There is a difference between the above calculation result of 15% and the actual low energy consumption rate of 22%, but this is due to the rough patterning model used to simplify calculations. It should be noted that the present invention is not limited to the above-mentioned embodiments, but can also be employed in a walking house furnace or the like, and the heat source may be an oil burner, electric heat, or the like.

In view of the effects of the embodiments and calculations of the present invention, the present invention exhibits extremely excellent effects in reducing fuel consumption and improving combustion efficiency.

[Brief explanation of the drawing]

FIG. 1 is a schematic sectional view showing an example of equipment used in an embodiment of the present invention, FIG. 2 is a diagram showing a heat pattern according to the present invention, and FIG. 3 is a fuel consumption amount according to a conventional example and the present invention.
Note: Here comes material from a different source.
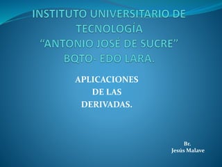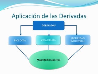 El documento describe tres aplicaciones de las derivadas: en biología para modelar el crecimiento bacteriano, en la vida cotidiana aunque no especifica ejemplos, y en la seguridad industrial aunque tampoco proporciona detalles. Brinda una introducción general sobre el tema de las aplicaciones de las derivadas en diferentes campos sin profundizar en ninguno.

FIG. 4 is an explanatory diagram of a calculation example. 1... Continuous heating furnace, 7... Heat target, 8... Heat source.

Claims (1)

[Claims] 1. In a continuous heating furnace in which heat sources are provided at the upper and lower parts of the furnace, and the object to be heated passes through the middle part, the heat quantity of the upper heat source is larger than that of the lower heat source so that the upper zone of the furnace atmosphere is higher than the lower zone. A method for controlling the temperature inside a continuous heating furnace, which is characterized by actively increasing the amount of heat transferred from the upper zone to the heated object.